- Born: June 6, 1964 (age 61)
- Scientific career
- Institutions: University of Liverpool

= Gregory Lip =

British cardiologist

Gregory Lip is a clinical researcher and Price-Evans Chair of Cardiovascular Medicine, at the University of Liverpool. He was Director of the Liverpool Centre for Cardiovascular Science at the University of Liverpool, Liverpool John Moores University and Liverpool Heart & Chest Hospital (2019-2026).

He is a NIHR senior investigator, and also distinguished professor at Aalborg University, Denmark; and adjunct professor at Yonsei University and Seoul National University, Seoul, Korea. He also holds visiting or honorary professorships in various other universities in UK, Serbia (Belgrade), S.Korea (Yonsei, Seoul National University), China (Beijing, Nanjing, Guangzhou), Thailand (Chiangmai, Mahidol in Bangkok) and Taiwan (Taipei).

He is one of the top highly-cited researchers (h>100) according to webometrics. and AD Scientific Index Rankings.

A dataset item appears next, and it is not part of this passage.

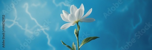 Naklejka premium Elegant White Flower Blooming Against Clear Blue Sky – Nature Photography...
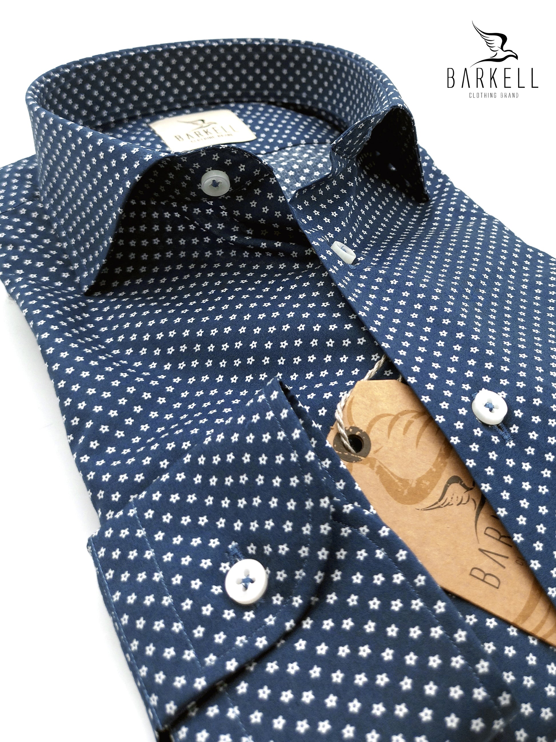 Camicia Fantasia Fiorellino Bianco su Fondo Blu realizzata in Tessuto Popeline 100% Cotone.

Professor Lip has had a major interest into the epidemiology of atrial fibrillation (AF), as well as the pathophysiology of thromboembolism in this arrhythmia. Furthermore, he has been researching stroke and bleeding risk factors, and improvements in clinical risk stratification. The CHA2DS2-VASc and HAS-BLED scores - for assessing stroke and bleeding risk, respectively – were first proposed and independently validated following his research. The ABC (Atrial fibrillation Better Care) pathway management approach proposed by him is the core recommendation in various AF guidelines, and has been shown to reduce adverse outcomes in AF patients. His work has led to changes in national and international clinical practice guidelines and improvements in patient care.

Professor Lip was ranked by Expertscape as a leading expert in the understanding and treatment of AF, a position still maintained in 2023. In 2023, he was awarded the American College of Cardiology (ACC) Distinguished Scientist Award (Clinical Domain).

He was on the writing committee for various international guidelines, including the American College of Chest Physicians (ACCP) Antithrombotic Therapy Guidelines for Atrial Fibrillation, as well as various guidelines and/or position statements from the European Society of Cardiology (ESC) or European Heart Rhythm Association. He has acted as senior/section editor for major international textbooks and at senior editorial level for major international journals.